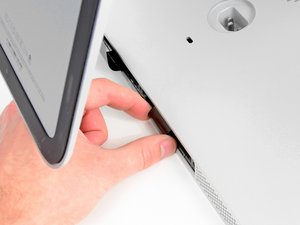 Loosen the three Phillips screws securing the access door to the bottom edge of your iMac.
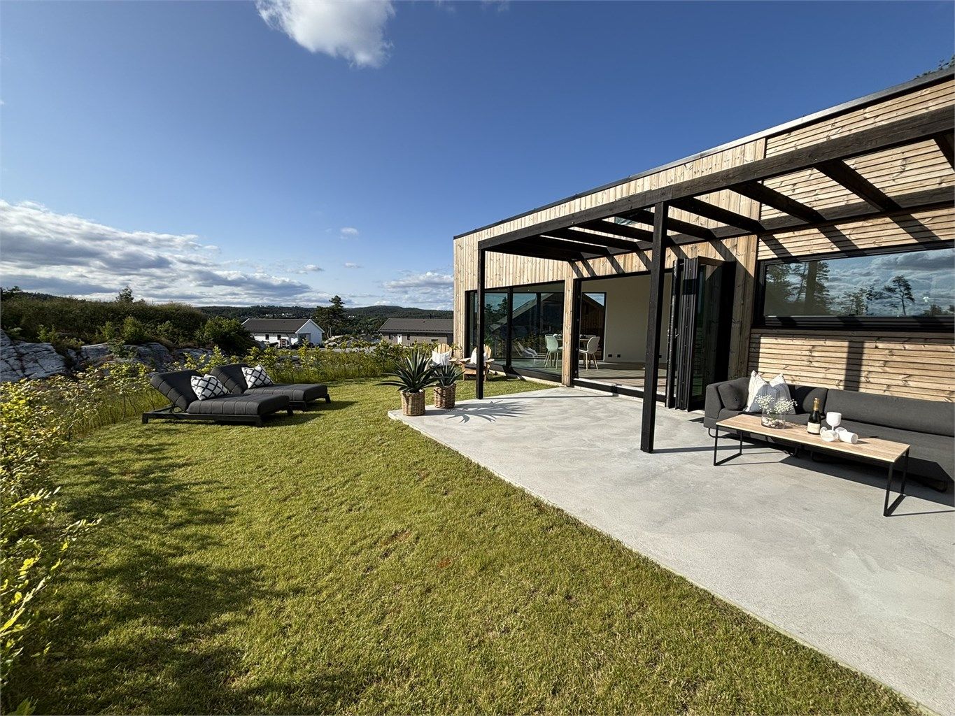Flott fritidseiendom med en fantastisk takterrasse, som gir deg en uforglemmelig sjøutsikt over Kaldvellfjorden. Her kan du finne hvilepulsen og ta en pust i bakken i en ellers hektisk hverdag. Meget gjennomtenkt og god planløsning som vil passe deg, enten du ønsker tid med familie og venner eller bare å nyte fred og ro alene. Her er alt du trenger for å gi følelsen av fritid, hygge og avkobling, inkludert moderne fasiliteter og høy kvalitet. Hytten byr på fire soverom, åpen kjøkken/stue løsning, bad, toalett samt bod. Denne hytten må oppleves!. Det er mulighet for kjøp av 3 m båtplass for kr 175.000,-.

* * *

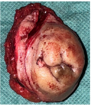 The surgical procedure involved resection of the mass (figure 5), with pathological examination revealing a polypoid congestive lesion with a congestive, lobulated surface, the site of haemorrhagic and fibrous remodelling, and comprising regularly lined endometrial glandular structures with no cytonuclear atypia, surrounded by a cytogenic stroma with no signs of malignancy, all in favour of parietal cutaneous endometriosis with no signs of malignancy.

• _Work to be completed_:
Exact copy, pictures excluded: every line above from the one containing "Loosen the three" to the one containing "Flott fritidseiendom med", inclusive, and nothing more.

• _Exercise answer_:
 Loosen the three Phillips screws securing the access door to the bottom edge of your iMac.
Flott fritidseiendom med en fantastisk takterrasse, som gir deg en uforglemmelig sjøutsikt over Kaldvellfjorden. Her kan du finne hvilepulsen og ta en pust i bakken i en ellers hektisk hverdag. Meget gjennomtenkt og god planløsning som vil passe deg, enten du ønsker tid med familie og venner eller bare å nyte fred og ro alene. Her er alt du trenger for å gi følelsen av fritid, hygge og avkobling, inkludert moderne fasiliteter og høy kvalitet. Hytten byr på fire soverom, åpen kjøkken/stue løsning, bad, toalett samt bod. Denne hytten må oppleves!. Det er mulighet for kjøp av 3 m båtplass for kr 175.000,-.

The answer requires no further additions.